§ EXERCISE BRIEF: Transcribe every line below exactly; no image goes into the output.

§ COLLECTED DATA:
== Segment start ==
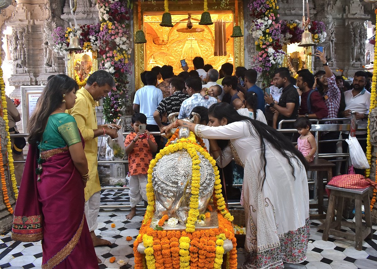 Devotees offer prayers to the Shiva linga at Babulnath Temple |
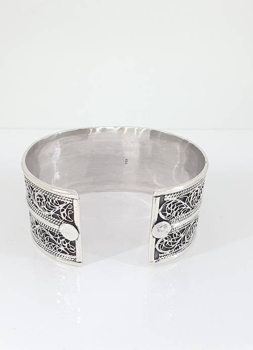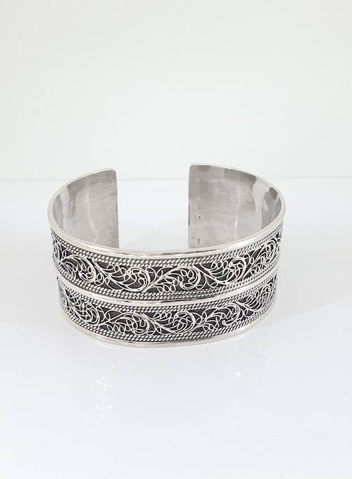 Brazalete ancha de plata rígida grabada importada de la india mediante comercio ético.
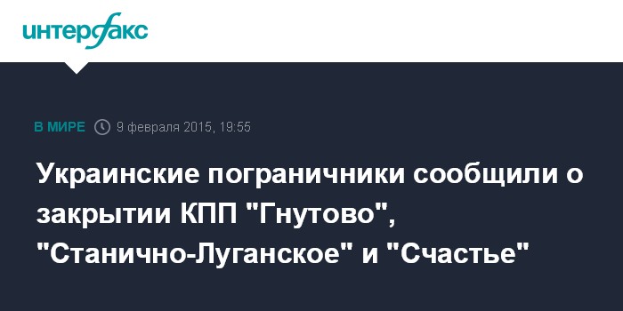 Москва. 9 февраля. INTERFAX.RU - Государственная пограничная служба Украины сообщает о приостановке пропуска граждан и транспорта в контрольно-пропускных пунктах "Гнутово" (Донецкая обл.), "Станично-Луганское" и "Счастье" (Луганская обл.) из-за обстрелов.
== Segment end ==
§ EXPECTED OUTPUT:
 Devotees offer prayers to the Shiva linga at Babulnath Temple |
 Brazalete ancha de plata rígida grabada importada de la india mediante comercio ético.
 Москва. 9 февраля. INTERFAX.RU - Государственная пограничная служба Украины сообщает о приостановке пропуска граждан и транспорта в контрольно-пропускных пунктах "Гнутово" (Донецкая обл.), "Станично-Луганское" и "Счастье" (Луганская обл.) из-за обстрелов.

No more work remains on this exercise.